2008年02月25日
アッバース朝の発展と衰退
このような伝承があること初めて知りました。
本当に興味深い言い伝えばかりです。
サッファーフの短い治世ののち第2代カリフとなった異母兄マンスールは、先代の都であるハーシミーヤがシーア派の尊崇する第4代正統カリフ、アリーの故都であるクーファに近いことからシーア派の影響力が高まることをおそれ、チグリス河畔のバグダードと呼ばれる集落の場所に、762年から新都マディーナ・アッ=サラーム(「平安の都」)を造営した。マンスールはアブー・ムスリムを含む有力者を排斥してカリフ権を強化し、旧アブー・ムスリム子飼いのホラーサーン軍と、ペルシア人を多く含む文官たちをバグダードに集めて中央集権的な国家を建設する一方、シーア派を圧迫してスンナ派のカリフとしてのアッバース朝の性格を明らかにし、王朝の実質的な創設者となった。
権力の向上とともに、アッバース朝のカリフは、それまでのカリフの主要な称号であった「神の使徒の代理人(ハリーファ・ラスール・アッラーフ)」「信徒たちの長(アミール・アル=ムウミニーン)」に加えて、「イマーム」「神の代理人(ハリーファ・アッラーフ)」といった称号を採用し、単なるイスラム共同体(ウンマ)の政治的指導者というだけに留まらない、神権的な指導者としての権威を確立していった。しかしこの絶対化の一方で、カリフの神権性はあくまでウラマーの同意に基づいており、カリフに無謬の解釈能力やシャリーア(イスラム法)の制定権が認められることはなかった点で、スンナ派の指導者としてのカリフの特性があらわれている。
アッバース朝は第5代カリフのハールーン・アッ=ラシードの時代に最盛期を迎え、ペルシア湾ルートを交易路(シルクロード)とする国際貿易の結節点でもある首都バグダードが繁栄をきわめた。
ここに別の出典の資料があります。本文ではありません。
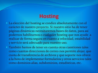 Este documento discute varios temas relacionados con el alojamiento web y la publicación de páginas web. Explica que el tipo de hosting debe elegirse en función del tipo de contenido del sitio web, como si requiere bases de datos o páginas dinámicas. También habla sobre otros factores a considerar como el espacio de almacenamiento y correo electrónico incluido. Luego discute sobre tipos de alojamiento como gratuito, compartido y de pago, y cómo el presupuesto y conocimientos técnicos influyen en el tipo
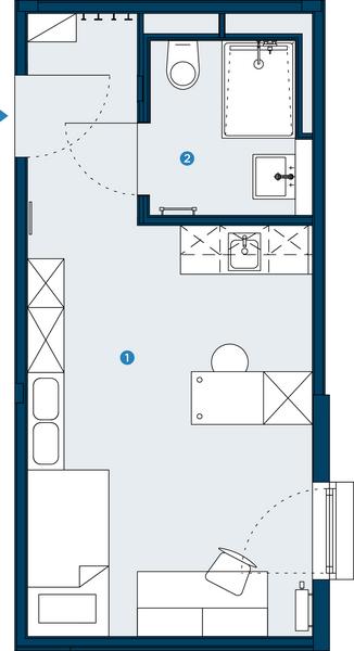 Praktisch geschnittenes, voll möbliertes Einraumapartment mit …

しかし、ハールーンの死後に後継者争いが起こって混乱のきざしがあらわれるとともに、内紛により疲弊したホラーサーン軍に代わって、テュルク系の遊牧民出身の解放奴隷からなるマムルーク騎兵たちが軍事力として採用されるようになって、アッバース朝の繁栄を支えた基盤に揺らぎが見え始めた。
それでも9世紀のアッバース朝は、肥沃な農業生産力と好調な東西交易の中継地点であるイラクに支えられ、繁栄を謳歌することができた。しかし、やがて勢力をもったマムルークは権力を増大させてカリフの改廃にすら関与するようになり、地方では総督たちが中央政府への送金を怠って地方に勢力を築き始めた。さらに総督の中から、ターヒル朝(821年建国)、サッファール朝(867年建国)、トゥールーン朝(868年建国)、サーマーン朝(875年建国)と、アッバース朝の名目的支配のみを認めて実質上の王朝を創始する者が次々にあらわれ、アッバース朝は急速に全帝国の支配力を失っていった。